Воистину, народное (в особенности крестьянское) долготерпение уступает только долготерпению Господню, но если дойти до его края — несомненно, гнев народный лишь гневу Господню и уступит. И если то напряжение, которое необходимо для сохранения Отечества возложить на тяглые плечи низших сословий — может статься, что предел сей может быть достигнут и без войны. В силах ли человеческих провести Россию по тонкой грани между катастрофой военной и катастрофой экономической? Уповая на Господа нашего я, тем не менее, знаю, что и Господь может отвернуться от России и её владетелей, буде неприлежание их переполнит чашу терпения. Временами мне кажется, что та бездна, в которую я заглянул, соотнося скучные цифры и опыт схватки, когда от одного-единственного патрона или снаряда из миллионов может зависеть жизнь не одного, а тысяч человек, пожирает мои силы и волю.
Впрочем, Б. утешил меня чудной простонародной присказкой «глаза боятся, а руки делают» и предложил положить на другую чашу весов всю нашу Россию и миллионы жертв грозящей нам новой Смуты и заметил, что цена, в общем, невелика. Особенно, если, как он высказался, «немного меньше внимания уделять балету, его примам и красотам Ниццы».
Я понял, в чей огород был брошен сей увесистый камень, хотел было возразить, но не смог. К тому же Б. заметил, что во время второй, наверняка известной тебе войны, горец и его санкюлоты смогли перекрыть ужаснувшие меня цифры многократно. Я уже слышал от Б. о подростках, стоящих на ящиках у станков, о женщинах, ворочающих броневые плиты во имя избежания ещё худшей доли. Ники, мы просто обязаны принять все меры, чтобы нарисованные Б. картины так и остались в моём (его, и, как я полагаю, твоём) воображении.
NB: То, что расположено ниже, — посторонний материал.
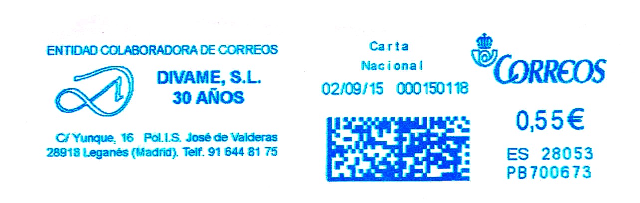 Por lo que respecta al hilo actual, aprovecho la reordenación que ha realizado de estos tipos de franqueos para mostrar un ejemplo actual de la empresa CIBELES MAILING que es igual al modelo 5C de la mismas, aunque con un tipo de tinta que difiere bastante del violeta empleado al principio del uso de la máquina.
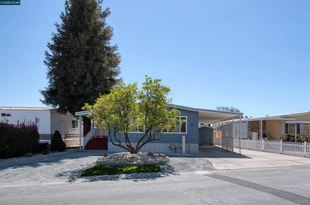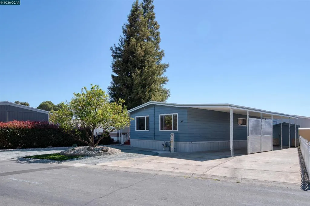 Luxury living at its finest, this picture perfect double wide manufactured home has been thoughtfully renovated with modern upgrades throughout, featuring 3 bedrooms, 2 bathrooms and approximately 1,440 square feet of living space. The interior features a spacious layout with a large living room, dining area and abundant natural light throughout. Upgrades include NEW wall texture, fresh designer paint, new energy efficient recessed LED lighting and LVP flooring throughout, creating a clean, modern and move-in ready environment. The fully updated kitchen showcases shaker style cabinetry, quartz countertops, tile backsplash and new appliances, all designed with both style and functionality in mind. Bathrooms have been fully renovated with updated fixtures and finishes. Exterior highlights include a mature, fruit-bearing lemon tree that enhances the front setting along with an outstanding and rare parking configuration featuring a circular driveway plus a separate covered carport with direct access. A covered outdoor patio and sitting area provide additional space for relaxing or entertaining. Located in the Diablo Vista 55+ community, residents enjoy access to amenities including a clubhouse and pool. Conveniently situated near shopping, dining and major commuter routes Fireplaces: NO

Эта война близка к концу. Я не знаю, удастся ли нам избежать той, Б. уверен, что нет, — но клянусь, я сделаю всё возможное, чтобы к грядущим испытаниям мы подошли готовыми настолько, насколько это только возможно. Ты можешь использовать меня тем способом, который сочтёшь благоразумным. Я видел маленький кусочек ада, когда японцы (не могу называть их «узкоглазыми» — я сам слишком долго вглядывался в их смерть прищурившись, через прицел, так что в плане «косоглазия» мы с ними на равных) сотнями ложились под беспощадным свинцом пулеметов и шрапнелей. И если мы допустим, чтобы так же, тысячами и миллионами, гибли русские солдаты — неважно, под немецким ли огнём, британским, своим же, русским — тогда мы недостойны перед лицом Господа владеть этой землёй.****
Я верю в тебя, брат, верю в Вас, Ваше Императорское Величество. С нами Бог и Россия.